*** Supplied material ***
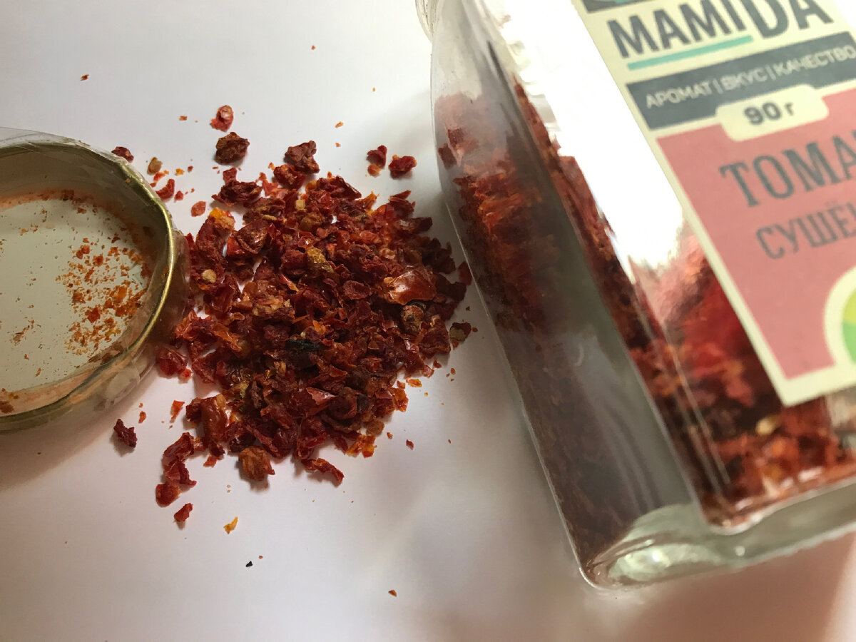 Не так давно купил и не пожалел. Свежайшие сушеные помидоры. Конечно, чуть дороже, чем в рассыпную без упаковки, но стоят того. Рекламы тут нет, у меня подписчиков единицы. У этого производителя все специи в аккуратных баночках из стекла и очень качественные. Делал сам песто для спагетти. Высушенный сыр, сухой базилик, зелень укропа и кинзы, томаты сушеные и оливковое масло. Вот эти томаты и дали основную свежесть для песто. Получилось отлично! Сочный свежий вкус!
***
*** Supplied material ***
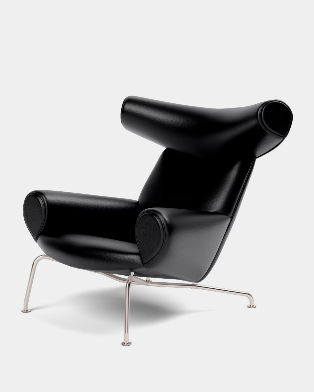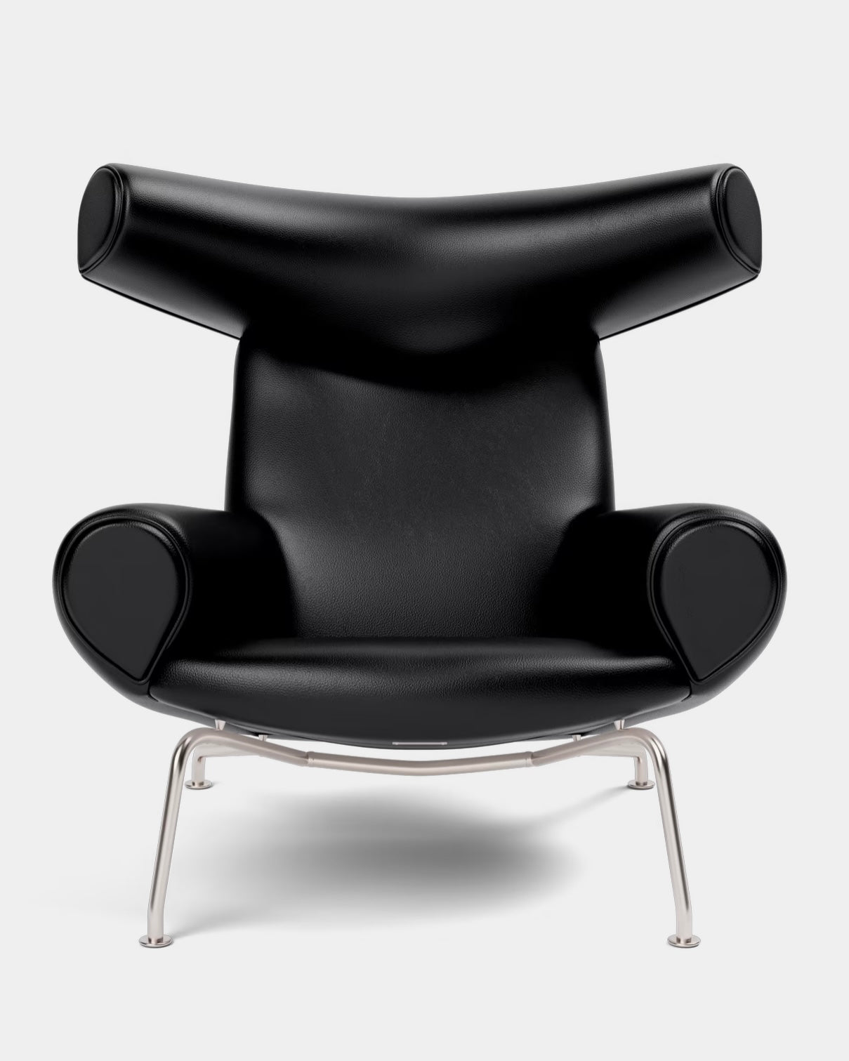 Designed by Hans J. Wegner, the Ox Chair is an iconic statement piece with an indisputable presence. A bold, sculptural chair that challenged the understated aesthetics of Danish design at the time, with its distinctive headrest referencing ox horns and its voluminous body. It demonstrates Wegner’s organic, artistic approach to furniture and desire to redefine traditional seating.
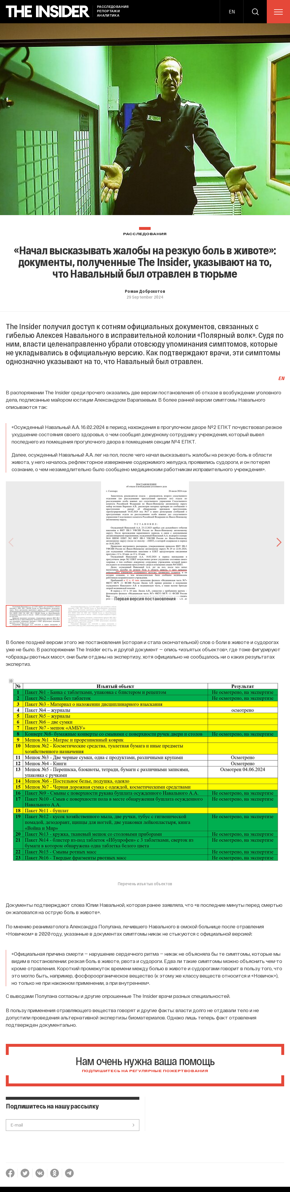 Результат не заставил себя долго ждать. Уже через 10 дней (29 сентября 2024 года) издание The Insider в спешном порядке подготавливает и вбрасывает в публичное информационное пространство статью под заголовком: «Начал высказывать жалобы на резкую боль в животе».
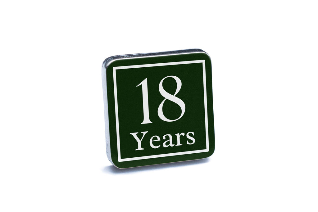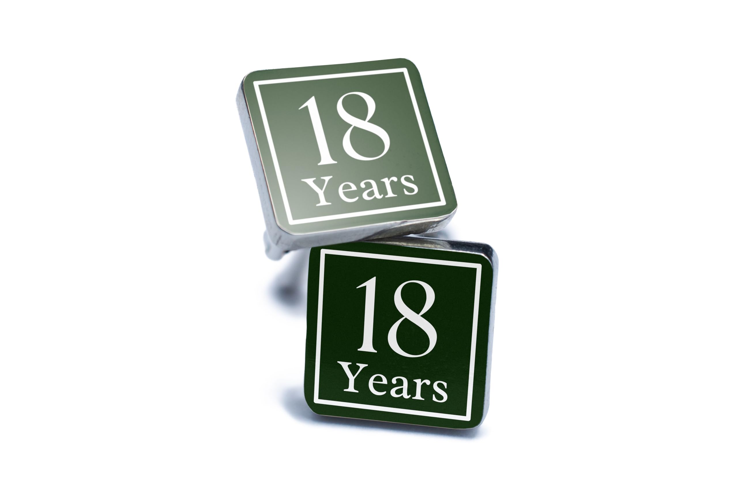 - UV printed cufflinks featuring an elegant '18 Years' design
***
Exact copy, pictures excluded: every line above from the one containing "Результат не заставил" to the one containing "- UV printed", inclusive, and nothing more.

 Результат не заставил себя долго ждать. Уже через 10 дней (29 сентября 2024 года) издание The Insider в спешном порядке подготавливает и вбрасывает в публичное информационное пространство статью под заголовком: «Начал высказывать жалобы на резкую боль в животе».
 - UV printed cufflinks featuring an elegant '18 Years' design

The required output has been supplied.